WHAT YOU ARE ASKED TO DO - Below this line is a set of entries; quote exactly the lines from the line that contains "我们从而得知payforfl" to the line that contains "チューリップは、これからが満開を迎えるようです。桜は、今週末頃まででしょうか。", both lines included.

[Stored items from a collection]
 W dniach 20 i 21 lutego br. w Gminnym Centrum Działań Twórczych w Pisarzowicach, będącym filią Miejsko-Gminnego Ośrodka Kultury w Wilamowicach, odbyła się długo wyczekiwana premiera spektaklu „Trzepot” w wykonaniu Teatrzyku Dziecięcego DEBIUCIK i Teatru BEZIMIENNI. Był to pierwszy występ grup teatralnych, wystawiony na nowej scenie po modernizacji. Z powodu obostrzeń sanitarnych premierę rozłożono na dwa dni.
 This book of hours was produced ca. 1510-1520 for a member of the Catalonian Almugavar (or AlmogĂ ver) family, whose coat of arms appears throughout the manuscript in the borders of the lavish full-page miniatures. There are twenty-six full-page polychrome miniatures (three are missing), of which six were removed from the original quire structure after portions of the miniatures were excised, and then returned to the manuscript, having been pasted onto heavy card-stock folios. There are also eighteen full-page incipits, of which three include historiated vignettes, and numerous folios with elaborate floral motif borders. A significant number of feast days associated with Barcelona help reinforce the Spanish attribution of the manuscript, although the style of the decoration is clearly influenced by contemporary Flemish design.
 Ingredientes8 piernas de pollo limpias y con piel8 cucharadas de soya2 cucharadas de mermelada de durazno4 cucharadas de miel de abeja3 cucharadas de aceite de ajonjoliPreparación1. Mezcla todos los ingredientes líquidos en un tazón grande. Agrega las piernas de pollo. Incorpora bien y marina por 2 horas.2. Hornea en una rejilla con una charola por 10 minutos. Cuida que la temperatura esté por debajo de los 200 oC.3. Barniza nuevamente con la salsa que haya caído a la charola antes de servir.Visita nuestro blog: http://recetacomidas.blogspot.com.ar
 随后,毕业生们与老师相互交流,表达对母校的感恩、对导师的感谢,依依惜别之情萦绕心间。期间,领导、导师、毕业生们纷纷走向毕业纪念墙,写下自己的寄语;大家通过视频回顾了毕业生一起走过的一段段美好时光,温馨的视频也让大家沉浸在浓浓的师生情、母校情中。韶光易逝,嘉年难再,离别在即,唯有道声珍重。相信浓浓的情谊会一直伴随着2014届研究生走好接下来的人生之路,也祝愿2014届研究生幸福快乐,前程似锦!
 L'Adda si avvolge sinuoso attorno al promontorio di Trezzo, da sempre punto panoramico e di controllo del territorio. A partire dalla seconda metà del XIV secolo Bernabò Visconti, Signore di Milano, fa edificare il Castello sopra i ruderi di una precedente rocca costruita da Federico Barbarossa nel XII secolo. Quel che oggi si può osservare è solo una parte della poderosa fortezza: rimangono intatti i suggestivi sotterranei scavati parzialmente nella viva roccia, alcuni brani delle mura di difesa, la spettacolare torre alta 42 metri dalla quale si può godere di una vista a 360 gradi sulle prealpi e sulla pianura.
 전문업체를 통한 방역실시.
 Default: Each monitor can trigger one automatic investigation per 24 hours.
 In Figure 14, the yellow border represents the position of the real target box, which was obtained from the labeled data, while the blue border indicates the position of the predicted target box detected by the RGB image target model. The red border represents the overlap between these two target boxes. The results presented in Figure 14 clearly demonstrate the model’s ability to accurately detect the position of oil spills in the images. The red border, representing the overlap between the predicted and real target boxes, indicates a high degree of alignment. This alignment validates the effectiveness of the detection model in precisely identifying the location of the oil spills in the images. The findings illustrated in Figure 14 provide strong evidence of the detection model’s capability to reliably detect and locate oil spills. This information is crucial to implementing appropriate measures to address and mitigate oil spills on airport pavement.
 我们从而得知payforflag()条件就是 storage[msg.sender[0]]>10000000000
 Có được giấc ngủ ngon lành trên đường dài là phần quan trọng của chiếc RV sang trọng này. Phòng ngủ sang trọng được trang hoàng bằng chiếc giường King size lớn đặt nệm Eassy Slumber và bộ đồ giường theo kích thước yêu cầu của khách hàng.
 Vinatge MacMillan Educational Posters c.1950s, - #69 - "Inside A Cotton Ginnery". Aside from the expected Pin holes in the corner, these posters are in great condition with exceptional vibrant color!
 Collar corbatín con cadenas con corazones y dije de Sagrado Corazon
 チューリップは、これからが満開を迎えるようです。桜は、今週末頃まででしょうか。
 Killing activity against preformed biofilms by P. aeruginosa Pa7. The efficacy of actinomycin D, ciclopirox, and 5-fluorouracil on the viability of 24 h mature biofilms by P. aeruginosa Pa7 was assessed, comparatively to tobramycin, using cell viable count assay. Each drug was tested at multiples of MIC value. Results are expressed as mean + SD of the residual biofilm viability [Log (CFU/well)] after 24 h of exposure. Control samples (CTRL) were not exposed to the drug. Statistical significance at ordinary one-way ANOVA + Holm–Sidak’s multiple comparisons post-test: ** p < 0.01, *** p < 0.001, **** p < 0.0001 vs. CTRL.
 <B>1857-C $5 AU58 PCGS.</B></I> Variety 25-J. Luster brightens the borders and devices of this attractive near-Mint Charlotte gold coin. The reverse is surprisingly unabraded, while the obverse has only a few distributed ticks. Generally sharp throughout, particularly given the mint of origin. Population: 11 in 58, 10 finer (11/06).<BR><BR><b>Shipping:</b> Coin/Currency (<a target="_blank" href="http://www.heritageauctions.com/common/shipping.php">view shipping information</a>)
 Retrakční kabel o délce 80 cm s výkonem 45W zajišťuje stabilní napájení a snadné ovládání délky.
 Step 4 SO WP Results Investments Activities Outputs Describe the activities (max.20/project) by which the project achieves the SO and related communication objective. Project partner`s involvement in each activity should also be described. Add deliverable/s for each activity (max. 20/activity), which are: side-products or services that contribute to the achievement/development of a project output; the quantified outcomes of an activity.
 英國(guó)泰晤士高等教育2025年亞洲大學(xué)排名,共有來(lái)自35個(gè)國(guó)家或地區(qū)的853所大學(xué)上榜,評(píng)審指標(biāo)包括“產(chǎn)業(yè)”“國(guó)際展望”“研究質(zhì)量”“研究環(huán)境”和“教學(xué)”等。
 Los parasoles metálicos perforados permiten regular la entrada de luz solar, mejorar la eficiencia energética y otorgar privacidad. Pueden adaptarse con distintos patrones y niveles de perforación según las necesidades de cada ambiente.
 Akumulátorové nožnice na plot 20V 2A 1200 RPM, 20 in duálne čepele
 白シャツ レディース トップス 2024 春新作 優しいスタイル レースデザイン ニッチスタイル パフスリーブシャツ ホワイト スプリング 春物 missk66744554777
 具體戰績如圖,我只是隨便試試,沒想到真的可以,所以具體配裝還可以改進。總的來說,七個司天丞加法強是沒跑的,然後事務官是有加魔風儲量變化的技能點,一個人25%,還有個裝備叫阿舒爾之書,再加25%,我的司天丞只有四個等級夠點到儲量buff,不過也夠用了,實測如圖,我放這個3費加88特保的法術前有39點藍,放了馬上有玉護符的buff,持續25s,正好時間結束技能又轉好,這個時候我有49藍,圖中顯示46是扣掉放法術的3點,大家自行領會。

RESULT FOR THIS EXERCISE -
 我们从而得知payforflag()条件就是 storage[msg.sender[0]]>10000000000
 Có được giấc ngủ ngon lành trên đường dài là phần quan trọng của chiếc RV sang trọng này. Phòng ngủ sang trọng được trang hoàng bằng chiếc giường King size lớn đặt nệm Eassy Slumber và bộ đồ giường theo kích thước yêu cầu của khách hàng.
 Vinatge MacMillan Educational Posters c.1950s, - #69 - "Inside A Cotton Ginnery". Aside from the expected Pin holes in the corner, these posters are in great condition with exceptional vibrant color!
 Collar corbatín con cadenas con corazones y dije de Sagrado Corazon
 チューリップは、これからが満開を迎えるようです。桜は、今週末頃まででしょうか。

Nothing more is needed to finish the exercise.